The spiritual journey for the Moravian brethren into the North Carolina wilderness began in 1722 when the religious reform leader Count Nicholas Louis Von Zinzendorf offered refuge on his state in the Saxony region of Germany to a group of religious dissidents from Moravia. The Unity of the Brethren eventually lived in the town of Herrnhut, Germany. Since many came from Moravia, their neighbors described them simply as “the Moravians.”
The denomination was almost wiped out during the religious wars of the 1600s. After their rebirth under Zinzendorf’s leadership, they became the first Protestant missionaries. In the 1730s Moravian societies were established in Holland, England and Denmark….as well as such far away places as Greenland, Surinam, Zanzibar and in the new world. Their first mission in the British Colonies was in Savannah, but they eventually traveled north to Pennsylvania where the church had bought two tracts of land. They founded Nazareth and Bethlehem and as those towns prospered, the brethren wanted to spread the Gospels to an area without churches…and they wanted a large tract of inexpensive land on the frontier to find the freedom to practice their religion in peace.
The settlement of Bethabara in what is today Winston-Salem, North Carolina, was founded on November 17, 1753 when fifteen Moravian brethren arrived after walking from Pennsylvania. The Moravians, or Unitas Fratrum (United Brethren), were German-speaking Protestants. As followers of Jan Hus, a Bohemian heretic who was burned at the stake in 1415, the Moravians are acknowledged as the first Protestants, pre-dating the Lutherans by 100 years. Bethabara became the first Moravian settlement in North Carolina. It was the beginning of a series of Moravian settlements on the 100,000-acre tract that the Moravians had purchased on the Carolina frontier.

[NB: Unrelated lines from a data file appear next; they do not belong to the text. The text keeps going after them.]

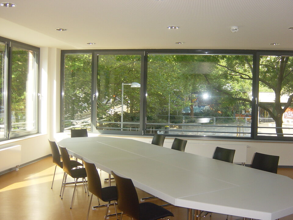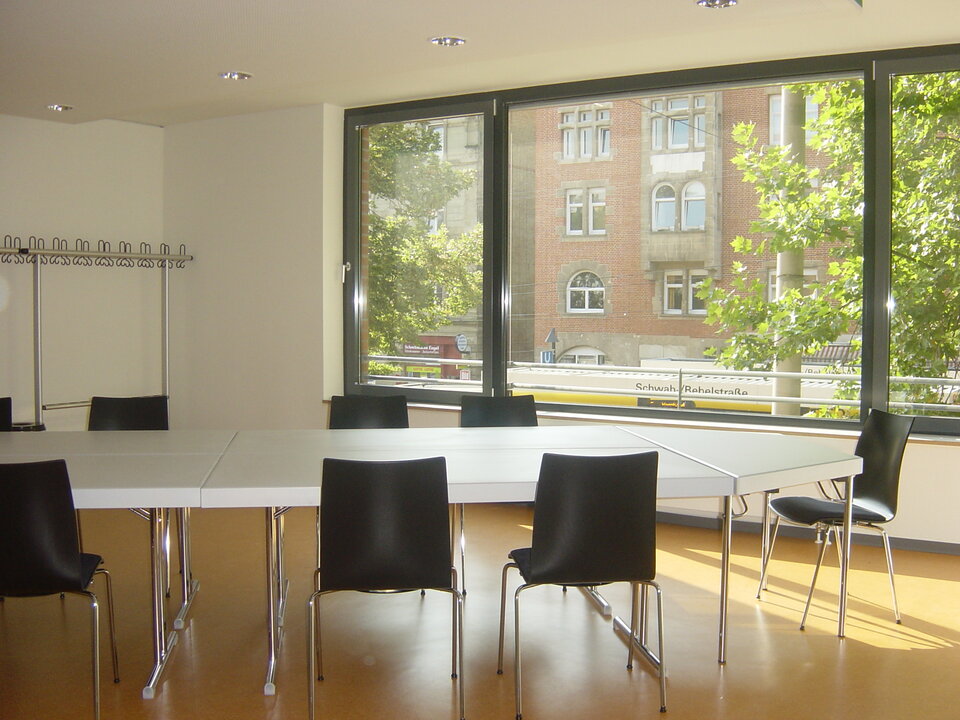Ein kleiner gemütlicher quadratisch geschnittener Sitzungsraum mit zwei Fensterfronten hin zur Bebelstraße und Richtung Jugendhaus West.
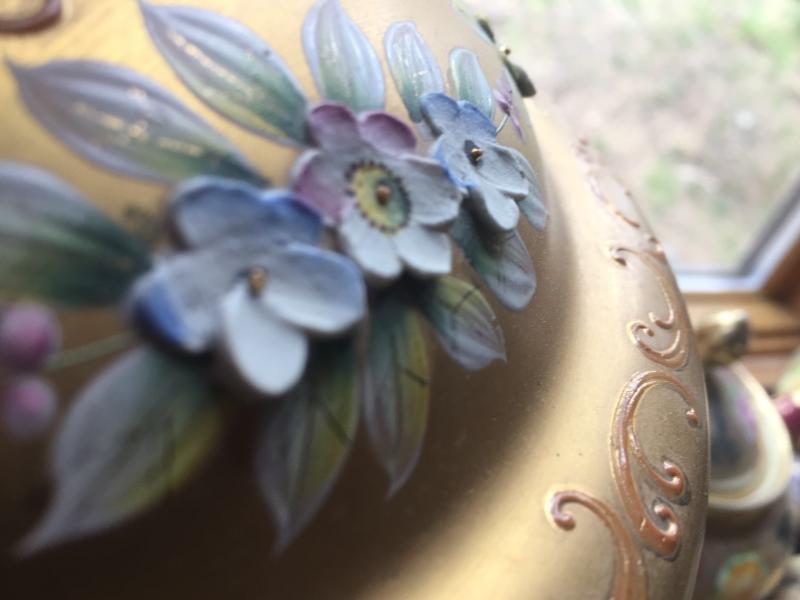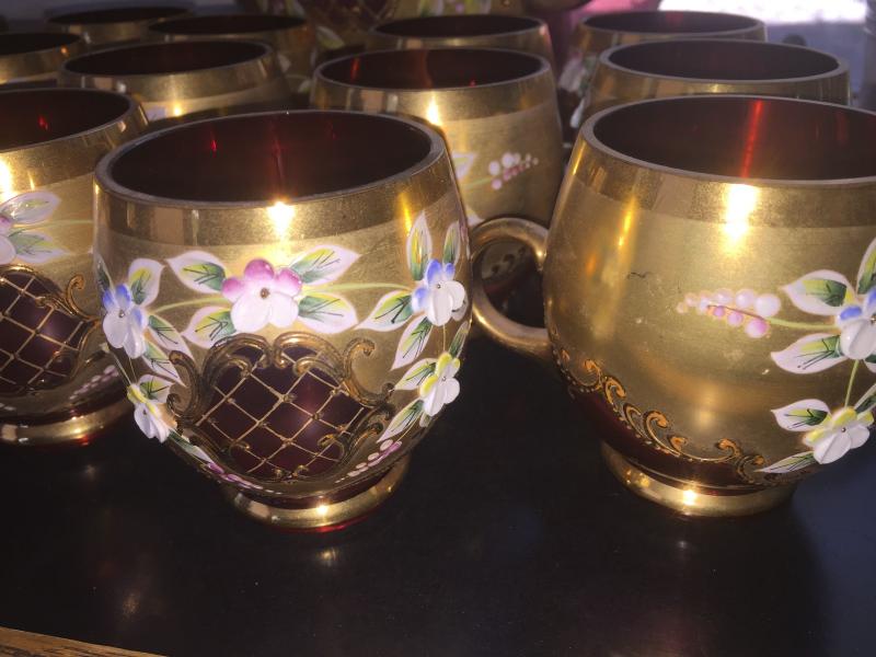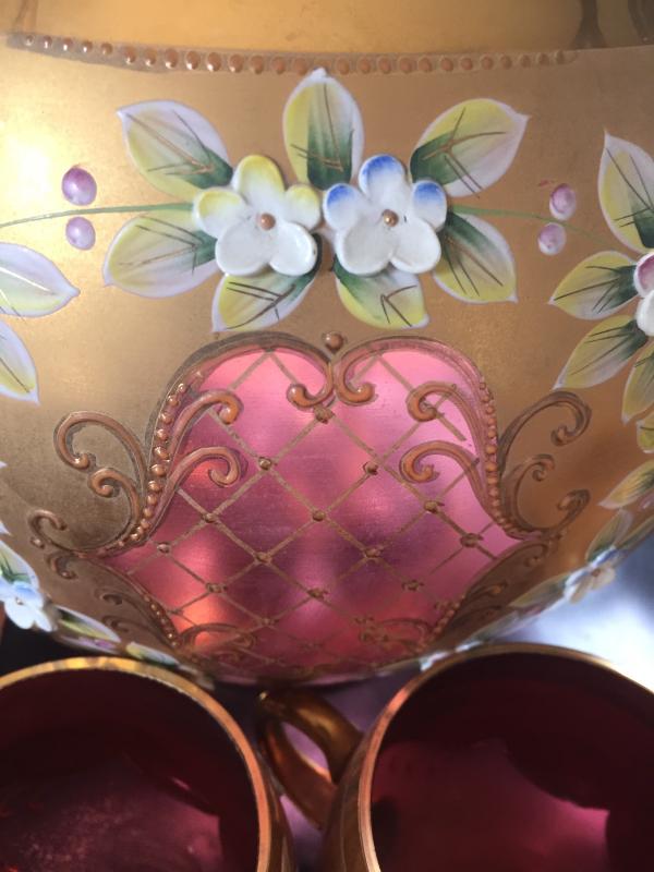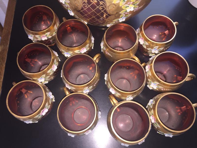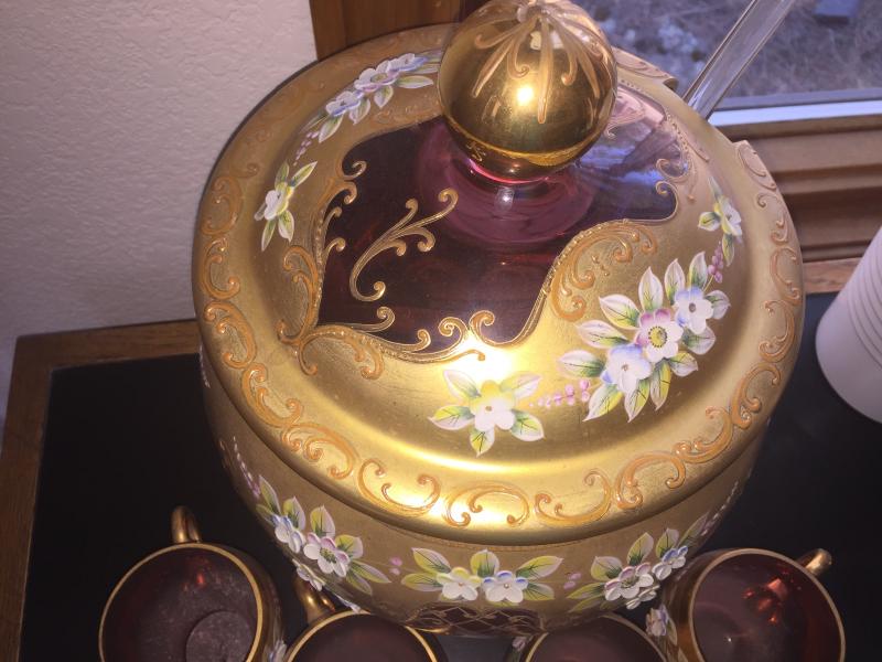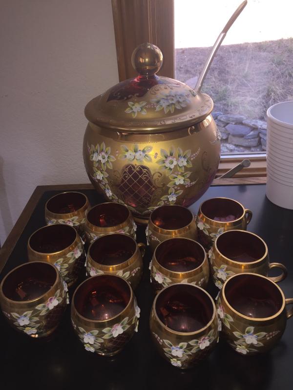 Excellent condition. This one is absolutely stunning and a perfect find for the collector . Includes Bowl with lid, original ladle and 12 cups. Gold trim with raised floral design.
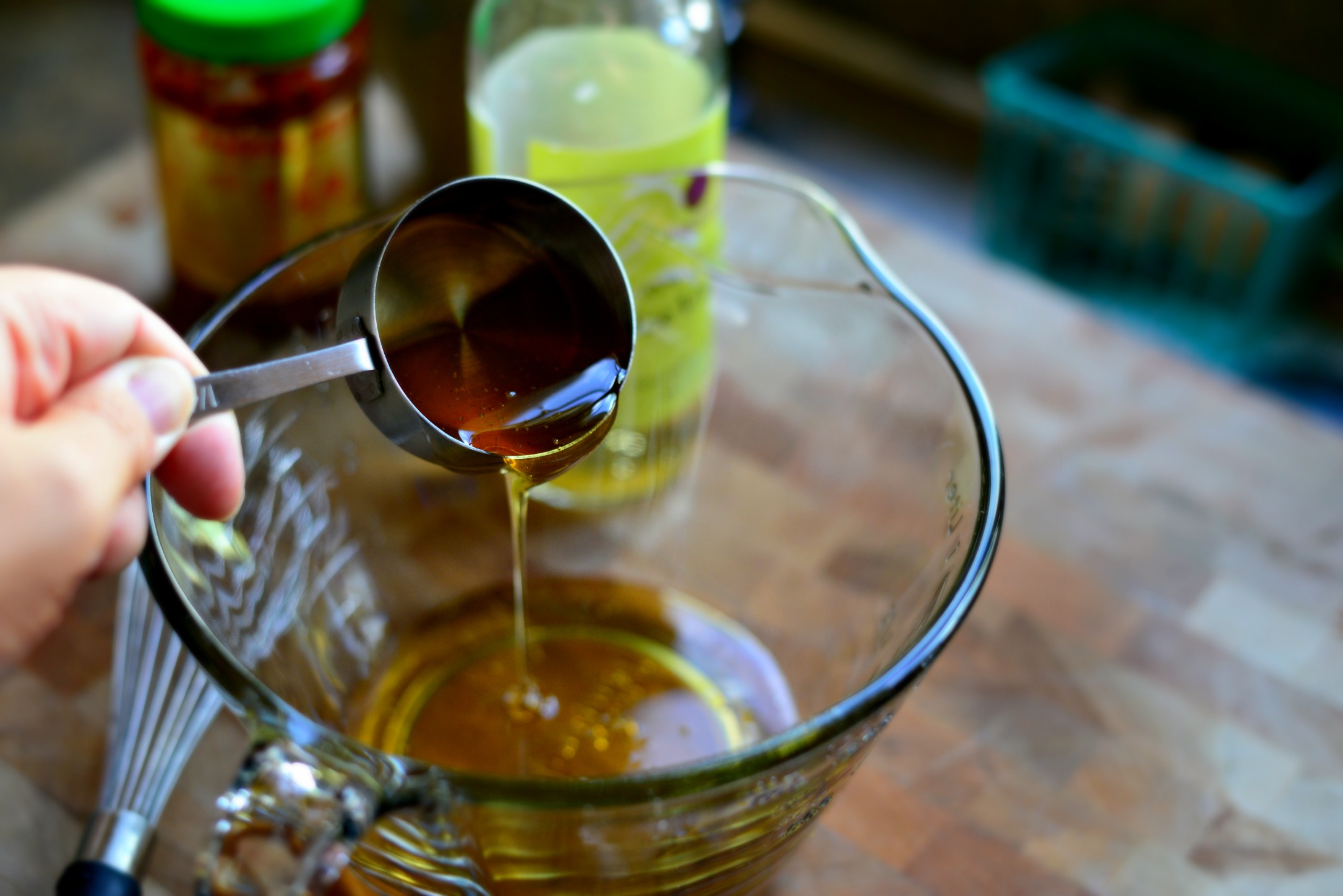 First make the sauce. In a measuring cup or bowl; add 1/4 cup plus two tablespoons honey. Good honey. Yes, there’s such a thing as bad honey. Trust me. Once Pat went to some little mini-store on his way home from work to pick me up a bottle and let me just tell you, there is no way that was honey. I mean it looked like watered down honey, barely yellow. Gross.
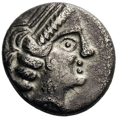 | Obverse description | Wreathed head of Artemis to right, her hair in rolls and with a very large frontal eye. |

Bethabara (“House of Passage”) was a center for religion, governance, trade, industry, culture, education, and the arts. The Moravians constructed over 75 buildings during the first 20 years of the settlement’s existence. During the French and Indian War (1753-1762), Bethabara and its two forts served as defensive centers for regional settlers and a supply depot for the Catawba allies of the British.
The second of the villages of Wachovia, Bethania, was laid out in 1759, in part to deal with the crowded conditions brought on by refugees. After only 13 years in the wilderness, some 166 people lived in the two communities. Even in these difficult times the Moravians never lost sight of their master plan for Wachovia. They saw the surrounding forest as a friend, not as any enemy to be pushed back. Johann Christian Reuter, a surveyor, was appointed forester to oversee the cutting of trees.
Settlements began in other parts of Wachovia… Friedburg in 1773, Hope in 1776 and Friedland in 1780. Salem became the focal point of Wachovia trade and religious life. It was completed in 1771 and the Wachovia administration moved from Bethabara in 1772. A new Gemeinhaus, or congregational church, still standing today in Bethabara, was built in 1788. But Bethabara as a town had ceased to grow and expand. It was but one of several agricultural villages in Wachovia, with a tavern, church, and a few tradesmen.
As the years passed, Bethabara became less of a town and more of a farm. Its purpose was to provide food for the residents of Salem. slave, Johann Samuel, was named the farm superintendent in 1788 and was granted his freedom in 1801, allowing him to rent land here from the church. The closed local shared economy, with everything owned and controlled through the church, had come to an end after nearly 50 years. Throughout the 1800s, Bethabara continued to decline. By the early 20th century, most of the structures had fallen to ruin, their foundations filled in to expand the farmland. The great mill, after 100 years of use had been abandoned… its original timbers used to build a lumber company in the bustling industrial town of Winston located just to the north of Salem. By the mid 1900s, the frontier settlement was buried beneath a cornfield, the potter’s and brewer’s houses were private residences. The 1788 church was abandoned for a newer structure nearby.